In the last two decades, few significant discoveries have been made in the field of ethnopharmacology (Gertsch, 2009). Some candidate compounds identified by the bioprospecting research-based ethnomedical approach, as developed by Shaman Pharmaceuticals, have failed, which leads to the suggestion that an ethnodirected approach is not feasible for the development of novel drugs (Clapp and Crook, 2002). By contrast, the random approach has made effective contributions to the development of drugs, many of which are still available for the treatment of various diseases. One example is the search for new anticancer drugs conducted by the National Cancer Institute (NCI) of the United States. They employed the random approach in a program developed in the 1960s, resulting in several agents of clinical relevance such as "taxanes and camptothecins, but their development into clinically active agents spanned a period of some 30 years, from the early 1960s to the 1990s" (Cragg and Newman, 2005). Between 1960 and 1982 the NCI investigated about 35,000 plants before the program was suspended (Beutler et al., 2012). According to Cragg and Newman (2005):

"This plant collection program was terminated in 1982, but the development of new screening technologies led to the revival of collections of plants and other organisms in 1986, with a focus on the tropical and sub-tropical regions of the world".

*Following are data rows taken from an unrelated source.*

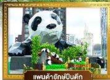
แพนด้ายักษ์ปิ่นตึก
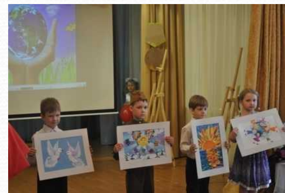
Диплом I степени в номинации «Литературно-музыкальный монтаж» (композиция «Мы рисуем этот мир...») в рамках ФДДП «Солнечный круг», (МО «Озеро Долгое», апрель 2015 г.)
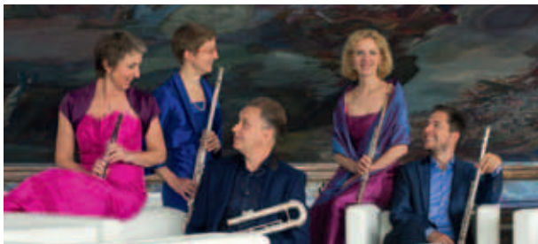
Quintessenz
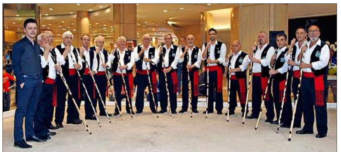
El Coro Ronda Altamira interpretó la canción de los hermanos Cianca 'Arriba los Gananciosos'. / JOSÉ RAMÓN

PROGRAMA PARA HOY. Hoy, la bolera de El Corte Inglés estará a pleno rendimiento. A las 10.15 horas se darán cita en el cutío portátil los alumnos de infantil del CEIP Cisneros de Santander que participarán en el Proyecto Educativo Madera de Ser. Desde las 16.00 horas intervendrán las peñas de veteranos Carrimón, de Renedo de Piélagos, y Abanillas; a partir de las 18.00 horas jugarán las peñas de Segunda, San Roque Chade de Colindres y Luey Construcciones Cintu; y cerrarán el día las peñas de Primera, San José Rocacero de Sierrapando y La Carmencita Ventanas Arsán.

The examples described above raise a question: why do scientists still assert so strongly the benefits of the ethnodirected approach versus the random one when its application in practice does not lead to significant advances in the development of particular drugs? Why do they keep on conducting studies aimed at making lists of species and therapeutic indications? We cannot give definite answers to these questions but we hypothesize that the ethnodirected approach is perhaps only useful for particular types of diseases. Only well-conducted and rigorous ethnopharmacological/ ethnobotanical studies might clarify these issues.

Influence of sampling and informant selection

Ethnodirected studies of medicinal plants quite often exhibit sampling problems causing bias in their results. During the review of studies conducted in Brazil, Medeiros (2012) found that most of them had patent sampling flaws, the most frequent being the following: 1. lack of information on the universe (U) or sample (N) on which the survey of the human communities was grounded; and 2. lack of information on the U or N of a specific group (e.g., folk healers), in intentional samples based on specialists from the studied communities.

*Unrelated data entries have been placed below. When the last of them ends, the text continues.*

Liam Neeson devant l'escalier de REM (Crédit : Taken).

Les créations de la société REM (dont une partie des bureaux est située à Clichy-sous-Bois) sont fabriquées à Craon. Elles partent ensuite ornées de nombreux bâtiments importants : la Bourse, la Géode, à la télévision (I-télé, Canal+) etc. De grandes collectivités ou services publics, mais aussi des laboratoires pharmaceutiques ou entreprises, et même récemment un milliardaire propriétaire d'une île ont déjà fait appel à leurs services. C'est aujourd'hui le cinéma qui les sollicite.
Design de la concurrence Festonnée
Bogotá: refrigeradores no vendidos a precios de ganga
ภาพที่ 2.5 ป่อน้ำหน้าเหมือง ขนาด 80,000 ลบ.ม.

Therefore, studies seeking to investigate the knowledge possessed by "local specialists" (e.g., folk healers) must establish with full certainty that they are truly dealing with such. Contrariwise, when there are no well-defined criteria for intentional selection the results might not reflect the investigators' desires. Similarly, studies that rely on the informants' consensus as an indicator of the most significant or popular species must take care to ensure an appropriate application of that model and select truly representative samples of the community. Conversely, non-representative samples might point certain plants as the most popular or versatile therapeutic indications when they are actually not.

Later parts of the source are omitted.